SIMIND Monte Carlo validation for Lutetium-177 imaging

Objectives: Due to the development of new peptides Lu-177 has gained popularity as one of the isotopes of choice for peptide receptor radionuclide therapy using the theranostics approach. The choice of; collimator, gamma ray energy to image and energy window settings for Lu-177 is well investigated using Monte Carlo (MC) simulations. MC offers the advantage of evaluating phenomena involved in nuclear medicine imaging which may be cumbersome to measure physically. Gamma cameras are subject to a variety of detector and electronic challenges therefore it is deemed useful to validate the capability of MC programs to model physical gamma cameras. The MC program SIMIND has been validated for modelling various gamma cameras for a number of different radionuclides. Validation of SIMIND for a Siemens Symbia T16 dual head SPECT/CT gamma camera with Lu-177 has not been reported. The aim of this study was to validate the MC simulation setup of the Siemens Symbia T16 dual head SPECT/CT gamma camera for Lu-177 using SIMIND.

Methods: The validation was done by comparing experimental and simulated gamma camera performance criteria tests for the Lu-177208 keV photopeak with a medium-energy low-penetration collimator. These tests included four planar NEMA stipulated tests namely; intrinsic and extrinsic energy resolution, extrinsic spatial resolution and extrinsic sensitivity. In addition, two SPECT tests termed air and water calibration factor (CF) were validated. The SPECT tests used an activity-filled sphere suspended in air and in awater-filled cylindrical phantom to generate the air and water CF respectively. Sequential SPECT and CT images were acquired following a clinical imaging protocol. These images were reconstructed using FLASH 3D with CT-based attenuation correction, TEW scatter correction and full 3D collimator-detector response. Experimental measurements were repeated three times, while simulations were only performed once for each test.

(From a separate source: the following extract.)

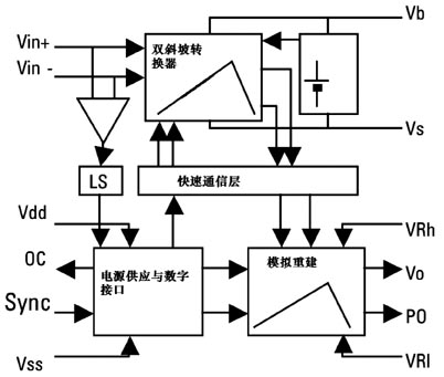 電機(jī)電流是通過(guò)使用一個(gè)外部分流晶體管來(lái)感測(cè)的,HVIC可將小的差分電壓(±250mV)通過(guò)一個(gè)精密電路轉(zhuǎn)換為時(shí)間間隔,這個(gè)精密電路的紋波去除功能有助于顯示小的群延遲。時(shí)間間隔是快速瞬變的,會(huì)被帶到輸出端。這樣就可以獲得與測(cè)量電流相對(duì)應(yīng)的模擬輸出電壓,以便與外部參考電壓相比較,最大采樣率為40kSPS。對(duì)于頻率高達(dá)20kHz的非對(duì)稱PWM調(diào)制來(lái)講,這個(gè)采樣速率富富有余。20kHz時(shí)的最大延遲小于7.5s,對(duì)于被用來(lái)IGBT保護(hù)的電流感測(cè)信號(hào)來(lái)說(shuō)也夠快了。圖2是電流感測(cè)電路。

The data was processed and the results compared.

Results: The intrinsic experimental and simulated energy resolution values were 9.6 ± 0.06 % and 9.9 % respectively. The % and absolute difference of -3.1 % and 0.3 % between these values indicated good agreement. The corresponding extrinsic energy resolution values were 9.4 ± 0.09 % and 9.9 % for the experimental and simulated data, with a % and absolute difference of -5.3 % and 0.5 %. The calculated FWHM and FWTM for the extrinsic spatial resolution were 11.5 ± 0.35 mm and 20.8 ± 0.82 mm for the experimental and 11.0 mm and 20.1 mm for the simulated data. The system sensitivity values of 10.0 ± 0.03 cps/MBq vs. 10.3 cps/MBq showed good agreement between the experimental and simulated values. The SPECT experimental and simulated air CF values were 8.4 ± 1.04 cps/MBq and 8.3 cps/MBq with % and absolute differences of 1.2 % and 0.1 cps/MBq. The water CF values of 7.8 ± 0.94 cps/MBq vs. 7.2 cps/MBq showed slightly higher % and absolute differences of 7.7 % and 1.6 cps/MBq between the experimental and simulated studies. These larger differences may be attributed to the introduction of attenuation and scatter by the water-filled phantom in both the experimental and simulated setup. Conclusion: The results obtained in this study were found to be in good agreement for both the planar and SPECT tests. From this study, it is evident that SIMIND can emulate the Symbia T16 successfully and therefore can be used with confidence in future studies to model planar and SPECT Lu-177 images.